Feature

Melo's Transition Game

Drug bust. Bar fight. Gangster cameo. Benched at the Olympics. Feuds with his coaches. After a season to forget, 21-year-old Carmelo Anthony is an NBA star who’s now learning to live without the ball.

By
November 2005

One night last June, over a hundred guests gathered in the enormous backyard of an enormous Cherry Creek Village mansion for a fancy soiree. Food servers hustled across the plush lawn toting trays of sushi and popsicle-green party drinks. Under a big, white tent, the predominantly white crowd, dressed in country club casual, mingled. In the midst of it all, next to the tent, a backboard and rim had been raised, for that one night for one person, Carmelo Anthony. The Denver Nuggets' franchise player had on his best baggy jeans, Nike sneakers, and a backward baseball cap over his tight cornrows.

The party was a fund-raising dinner and auction to benefit Colorado's 24 Family Resource Centers, which assist local families who've fallen on hard times. However, the draw for many if not most of the guests-the reason they'd each paid a $500 tax-deductible fee to attend-was Anthony. The affair was officially billed as "A Very Melo Summer Evening." Not long after he put on the Nuggets uniform three years ago, Anthony began working with the charity, a decision he made with his mother, Mary. A single mother who'd raised Anthony and his three siblings in East Coast ghettos, she understood what it was like to need a helping hand. Mary had even joined the charity's board. She was there at the Cherry Creek fund-raiser, along with Anthony's fiancée, MTV veejay Alani "LaLa" Vasquez, and Nuggets GM Kiki Vandeweghe.

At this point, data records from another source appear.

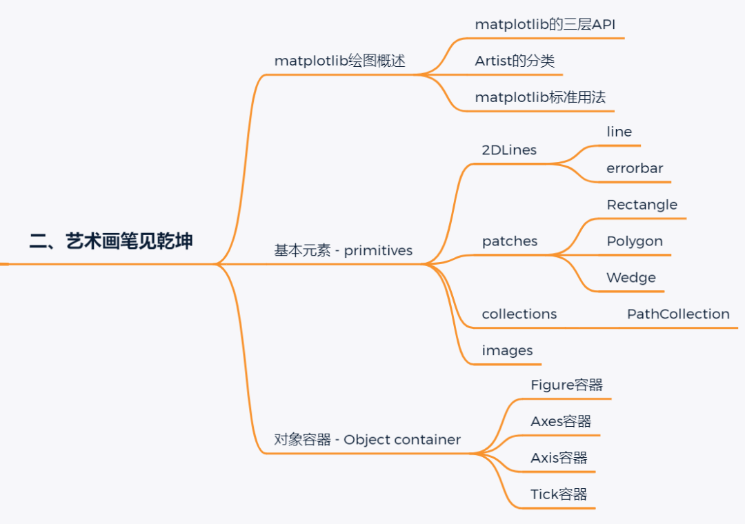 第二回是这个数据可视化教程中最重要的一个章节,整个章节都围绕Artist对象展开。Artist对象在matplotlib宇宙中是一个极为重要的概念,实际上我们在做可视化时几乎接触到的所有对象元素都属于artist对象。
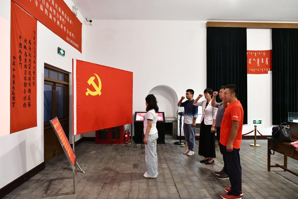 8月14日,在组织实施兴安盟骨干班主任能力提升培训班和“国培计划”“一对一”精准帮扶项目调研期间,yl6776永利集团教工第一党支部开展“传承红色基因焕发时代光芒”主题党日活动,参观了内蒙古师范学院礼堂旧址和“五一会址”。
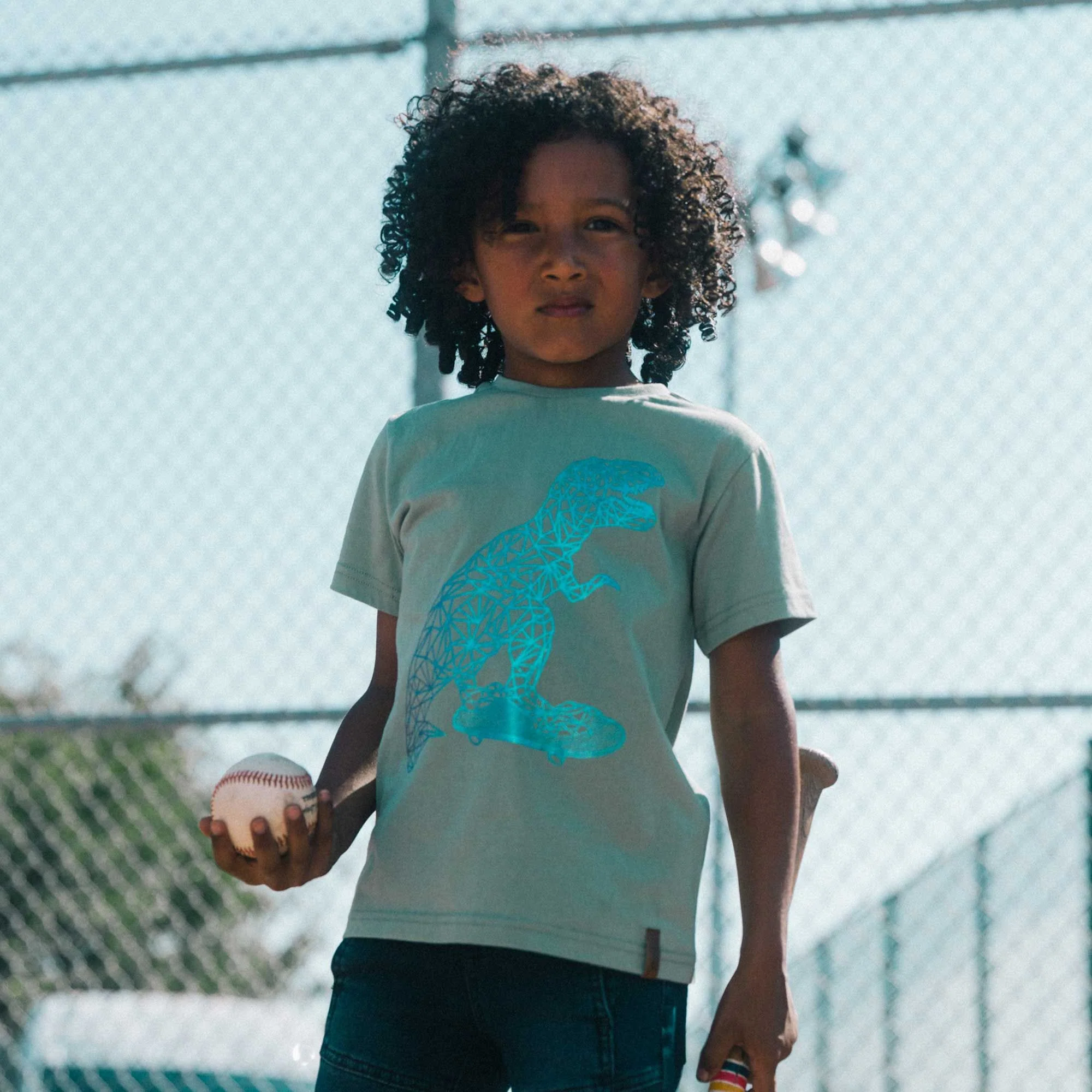 S’il aime les dinosaures, il va adorer notre t-shirt vert-de-gris avec imprimé graphique métallique . Ce t-shirt fantaisie est doux et confortable en coton léger, avec des manches courtes, une encolure ronde et un imprimé graphique distinctif sur la poitrine.
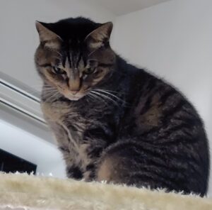 ママじゃないと気付いてからはいつものキャットタワーの上から覗いてます😊

Anthony didn't spend much time in the big, white tent. The 21-year-old multimillionaire quickly headed to the half-court and started shooting baskets. As the auction began, everyone in the crowd kept one eye on the auctioneer and one eye on Anthony. It was impossible to resist watching him gracefully release three-pointers, out there at one with the ball and the net and the rhythm of a dribble. There was something sweet and soulful in the spectacle. There was also something a little sad. Here was a young man surrounded by so many people, who'd come to be near him, yet he was off by himself, like a lonely kid, playing a game. Every so often he'd stop to pull up his pants.

The first item up for bid was a weekend in New York and a visit to MTV, courtesy of LaLa. It went quickly. So did several sets of Nuggets tickets. The momentum built, the bids fast in coming. Next up was a painted portrait of Anthony soaring toward a basket in Nuggets pale blue and yellow. The auctioneer asked for an opening bid. Nothing. Not a sound. The picture sat up there propped on its easel, with the crowd staring at it silently. Out on the court Anthony stopped dribbling and turned his attention to the auction. The moment was intensely awkward, one where guests wanted to look away, maybe race off to get their keys from the valet. But then Anthony tilted his head, threw his kid-like smile, raised his hand, and made the first bid. On himself. Immediately, the tension broke and the bidding resumed, with the portrait going to an obviously well-heeled fan for $1,100.

The directions to find Carmelo Anthony aren't the best. One of his "people" had told me the cross streets and that I should look for a tan and pink building. So now, sitting in my car, I see four buildings that fit that description. And they all have bars on the windows. It's a few weeks after the Family Resource Centers event, and I'm trying to get to the recording studio where I'm supposed to meet Anthony. I'm told he hangs there practically every day when he's in town and not on the court.

There's a parking lot behind one of the buildings. I see three guys standing around some 4-foot-high speakers, under a basketball hoop. I walk over and tell them I'm supposed to meet Anthony at a recording studio. I ask if this is the place. The three young men aren't quite sure what to make of me, a middle-aged white woman in a minivan, asking for Anthony. Yeah, they say, he'll be here. We just saw him, they say, but he's always late. The guys introduce themselves: Zeezo, Daniel, and Mars. Daniel sits on a folding aluminum chair. He says he's a singer and that he does a lot of gospel.